Ежи Анджеевский - Идет, скачет по горам
— Не знаю, как тебе, а мне ужасно хочется пить. Полагаю, стаканчик холодного прованского вина нам не повредит. Хочешь?
— Ну конечно же!
Но так как в тоне ее голоса он не улавливает искреннего желания, то решает его пробудить.
— Вино в знакомом бистро иногда приятнее пить, чем дома. Что-то в этом есть. Нравится мне сидеть в бистро. Тебя я тоже в бистро увидел впервые. Заодно познакомишься с моим старым другом. Мсье Леду, чудесный малый, увидишь. Во время оккупации, если только я жил в Париже, он меня подкармливал с трогательным бескорыстием, прямо как любовницу, нет, это было возвышенней! он спасал меня от голода и абсолютно ничего не хотел взамен. Уверен, он очень расстроится, если узнает, что я был в Париже и даже на минутку к нему не заглянул. Мы живем буквально в двух шагах. Но может, тебе не хочется?
— Да нет же! — оживилась Франсуаза, — пойдем. Знаешь?
— Что?
— У моих знакомых было мало настоящих друзей. А у тебя они везде.
— Ох, ничего удивительного! Я живу на свете достаточно долго, вот и собрал по дороге горстку друзей.

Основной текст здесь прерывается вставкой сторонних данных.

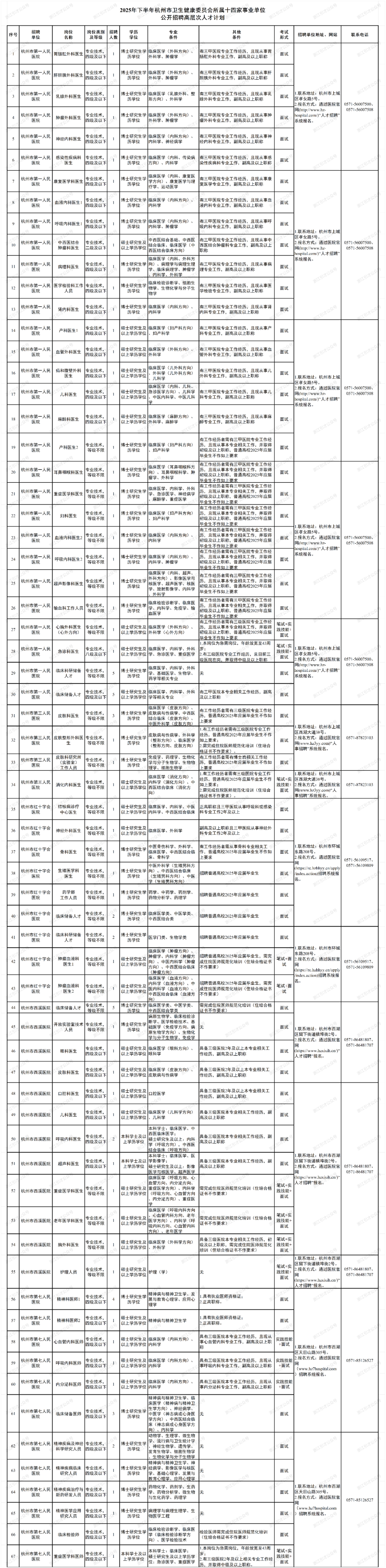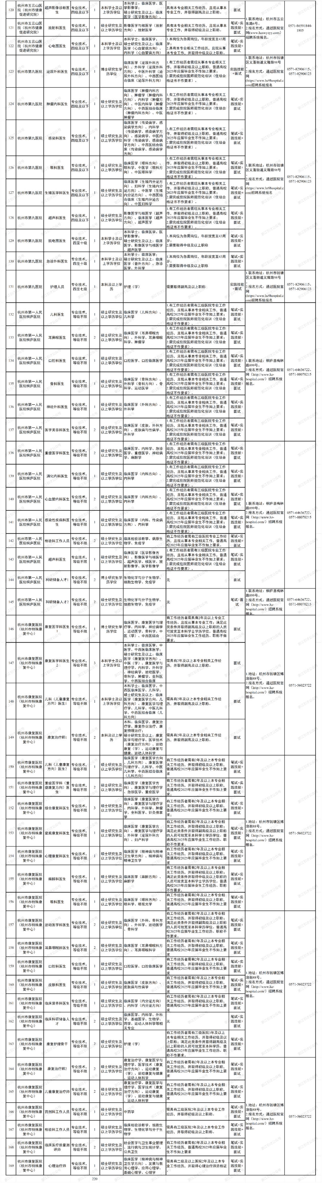 根据工作需要,杭州市卫生健康委员会所属杭州市第一人民医院、杭州市第三人民医院等14家财政适当补助事业单位决定面向社会公开招聘事业编制高层次人才220名。按照《中共中央组织部人力资源社会保障部关于进一步做好事业单位公开招聘工作的通知》(人社部发〔2024〕57号)、《杭州市事业单位公开招聘工作人员操作程序(试行)》(杭人社发〔2014〕380号)等文件规定,现将有关事项公告如下:
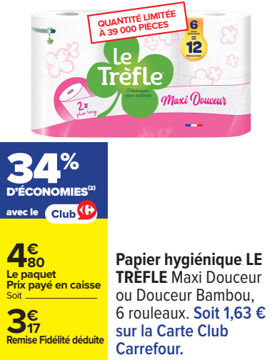 - Papier toilette Le Trèfle (6 rouleaux) — 4,80 € → 1,60 € (−68%)
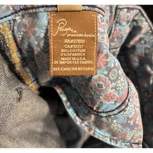 Design details: Classic five-pocket styling with double-button waistband and zip fly closure, belt loops, Paige logo rivets and buttons, back patch pockets with stitched detail, small Paige logo patch at back waist, and floral print inner waistband lining.
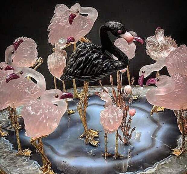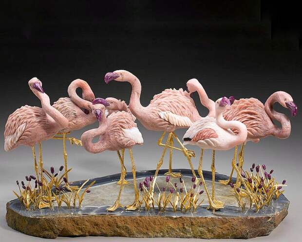 Фламинго из розового опала на основе из агата. Цена 20-30 тысяч долларов.
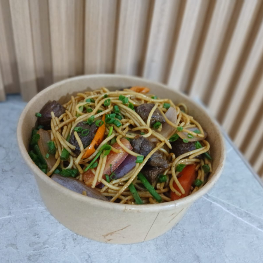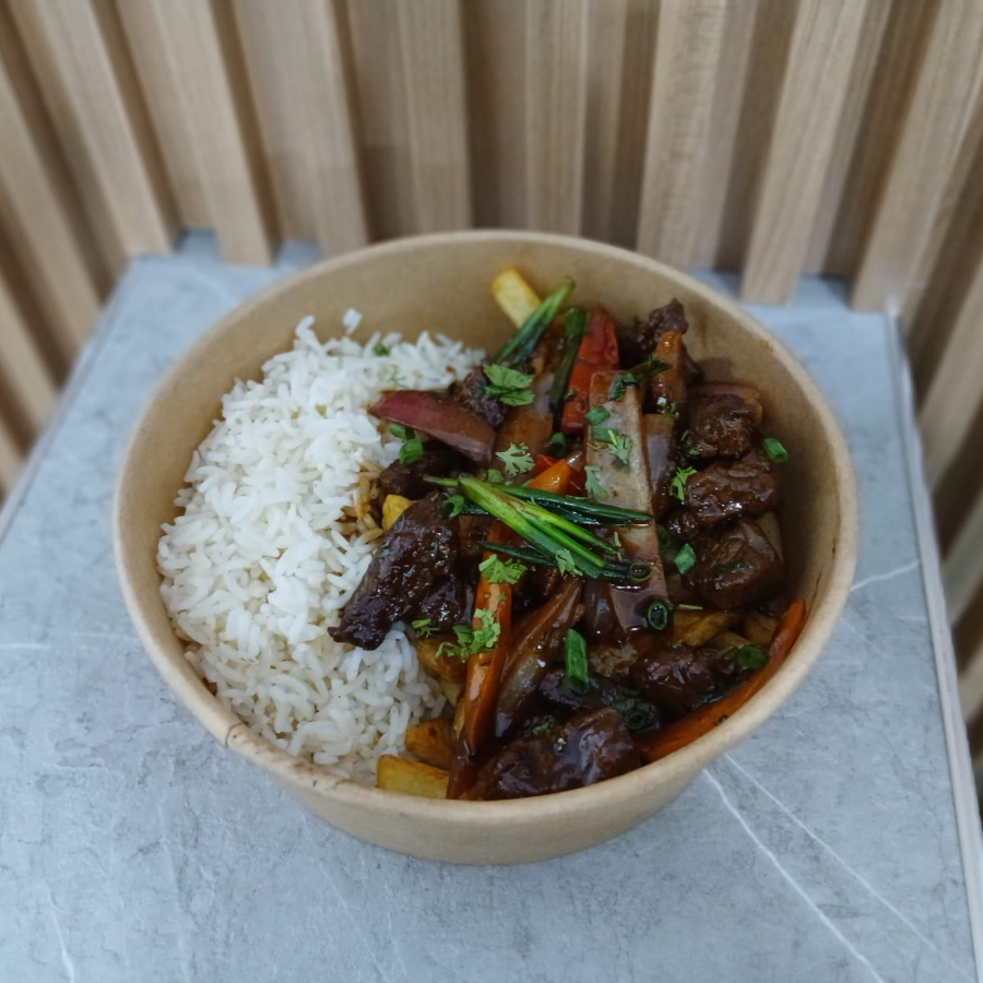 Fideos salteados al wok con jugosos trozos de carne, cebolla, tomate y sillao, al estilo chifa peruano, llenos de sabor y recién preparados.
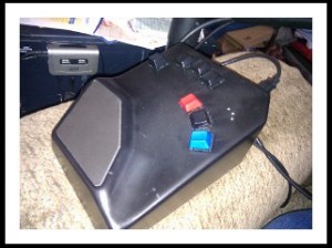 So I got an additional keyboard, an Infogrip BAT chording keyboard, that lets me do all of my typing with my left hand if necessary.  My tablet doesn’t take nearly as much effort on the right, so I can use the tablet for a long time without pain, but typing is far more difficult.  This keyboard takes a bit of practice, to learn all of the chords to generate all of the letters, but it’s worth the time.  It’s a lot less strain.
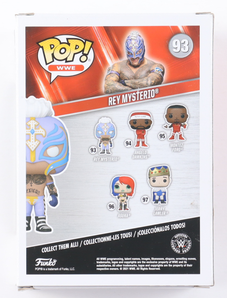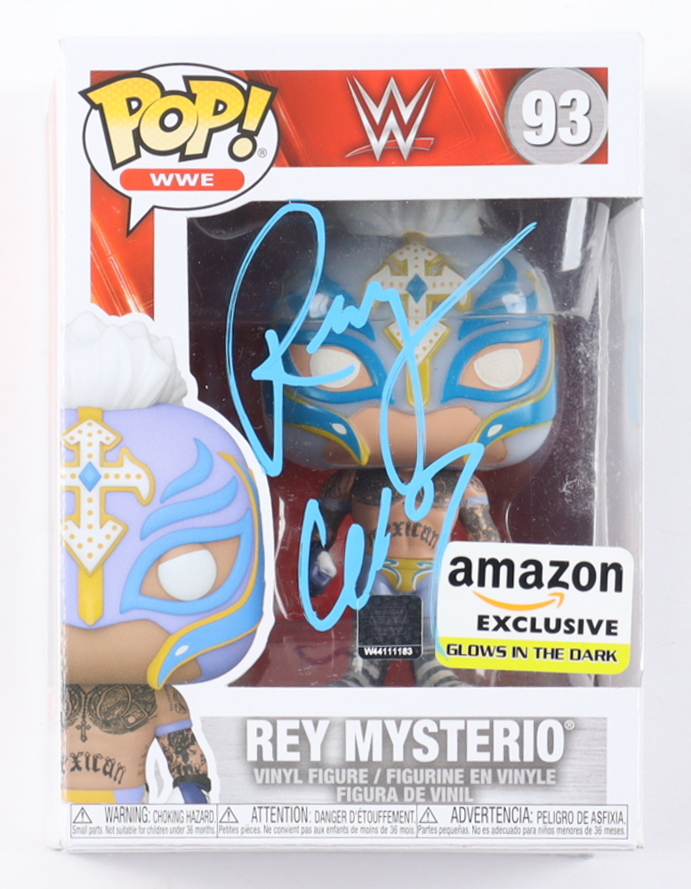 Funko Pop! vinyl figure that measures approximately 4" tall in size and has been hand-signed by Rey Mysterio (HOF). Please note, the top of the box is creased.
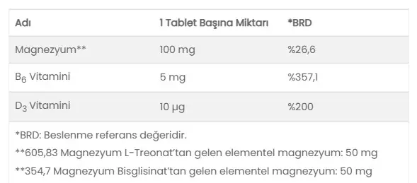 Ocean ExtraMag ThreoG® tablet magnezyum l-treonat ve magnezyum bisglisinat’dan gelen 200 mg elementel magnezyum içermektedir.
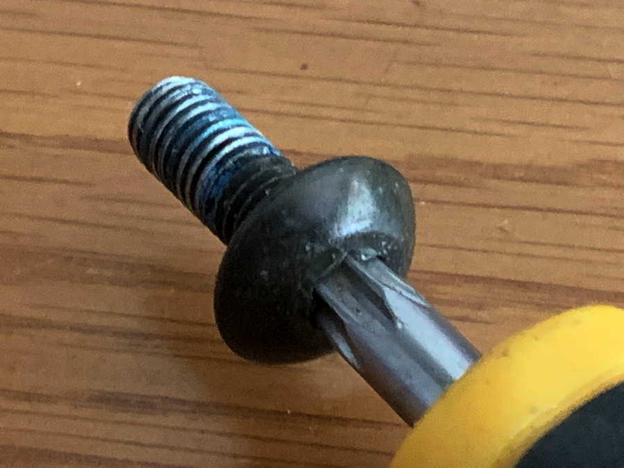 The lower of the two bolts came off OK with the help of an extension bar, but the top one would not budge and  I managed tov round off the Torx head

— Это не потому, — говорит Франсуаза.
И вдруг старого старикана, уже на пороге бистро, озаряет: она меня любит, осознает он, и одновременно осознает, что лишь сейчас, когда перестает действовать любовное заклятие и рассеиваются чары, во власти которых он жил и работал последние полгода, когда он уже знает, что начал охладевать к Франсуазе и с каждым днем будет невольно, с упорно нарастающим безразличием, все больше от нее отдаляться, лишь сейчас, словно бы вырвавшись из плена собственных чувств, он, возможно, в состоянии будет заметить чувства другой стороны, быть влюбленным, думает он, для меня всегда плодотворнее, чем быть любимым, и видя, что его из-за стойки заметил лысый, из одних могучих округлостей состоящий мсье Леду, простирает к нему руки и кричит:
— Bonjour, Marius![34]
— Bonjour, Antonio![35] — восклицает тот в ответ звучным баритоном. Bonjour, mademoiselle![36] Я знал, что ты придешь, Антонио, ни секунды не сомневался. Ивет! — зовет он, и почти тотчас же из подсобного помещения за стойкой выходит полная блондинка, — видишь, говорил я, что Антонио, коли уж в кои-то веки выбрался в Париж, не забудет старых друзей. А ты: он такой великий! Великий! Конечно, великий! Но главное он — человек, а уж прилагательные — дело десятое, правда, Антонио?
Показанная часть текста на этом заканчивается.